ACTION ITEM
Write out the listing from the line with "For your consideration" to the line with "Очаровательное платье без", both lines included, exactly and nothing beyond. Leave pictures out.

DATA FOR ANALYSIS

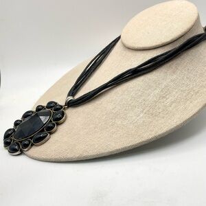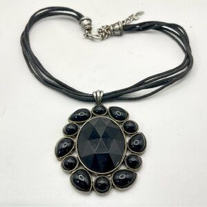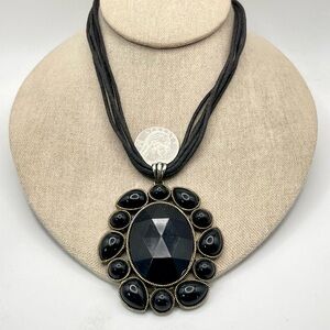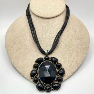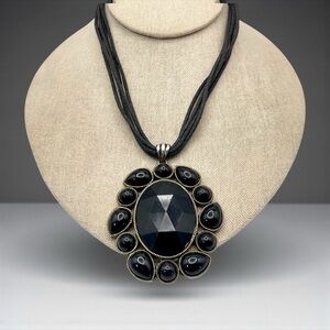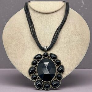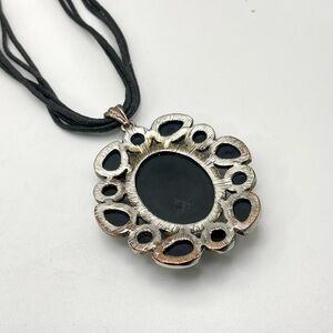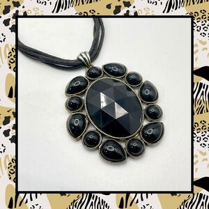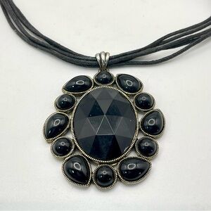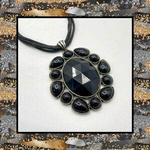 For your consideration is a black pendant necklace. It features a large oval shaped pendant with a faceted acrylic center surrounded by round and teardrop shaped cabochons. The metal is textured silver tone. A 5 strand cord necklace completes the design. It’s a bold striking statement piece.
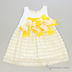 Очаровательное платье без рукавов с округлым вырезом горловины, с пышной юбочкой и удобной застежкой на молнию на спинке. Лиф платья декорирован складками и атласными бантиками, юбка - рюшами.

* * *

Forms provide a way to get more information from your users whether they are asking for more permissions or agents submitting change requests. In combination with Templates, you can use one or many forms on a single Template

==

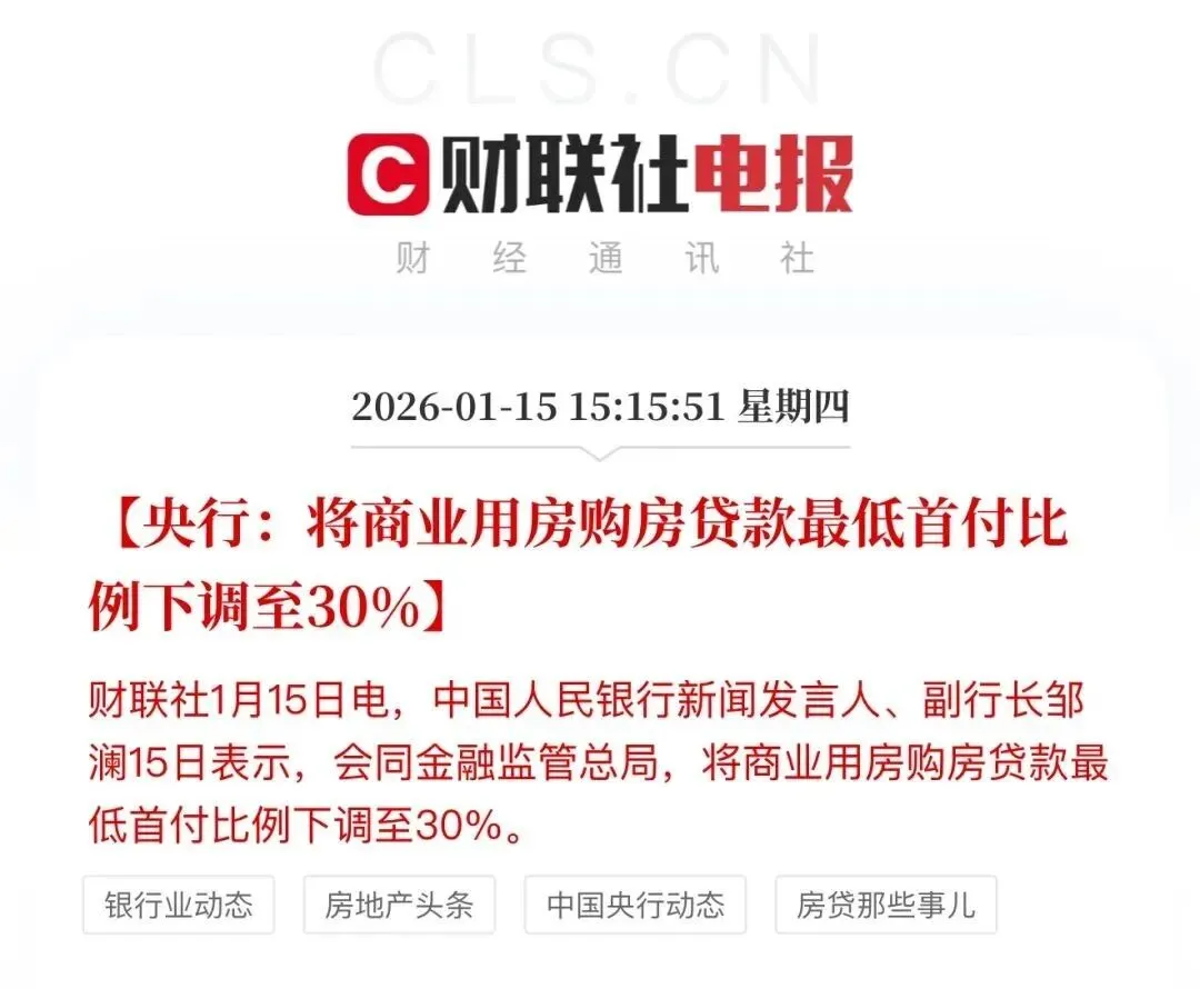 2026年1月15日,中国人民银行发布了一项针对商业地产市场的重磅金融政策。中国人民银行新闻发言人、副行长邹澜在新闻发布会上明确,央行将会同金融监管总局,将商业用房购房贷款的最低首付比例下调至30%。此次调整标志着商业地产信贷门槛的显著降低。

EXERCISE SOLUTION
 For your consideration is a black pendant necklace. It features a large oval shaped pendant with a faceted acrylic center surrounded by round and teardrop shaped cabochons. The metal is textured silver tone. A 5 strand cord necklace completes the design. It’s a bold striking statement piece.
 Очаровательное платье без рукавов с округлым вырезом горловины, с пышной юбочкой и удобной застежкой на молнию на спинке. Лиф платья декорирован складками и атласными бантиками, юбка - рюшами.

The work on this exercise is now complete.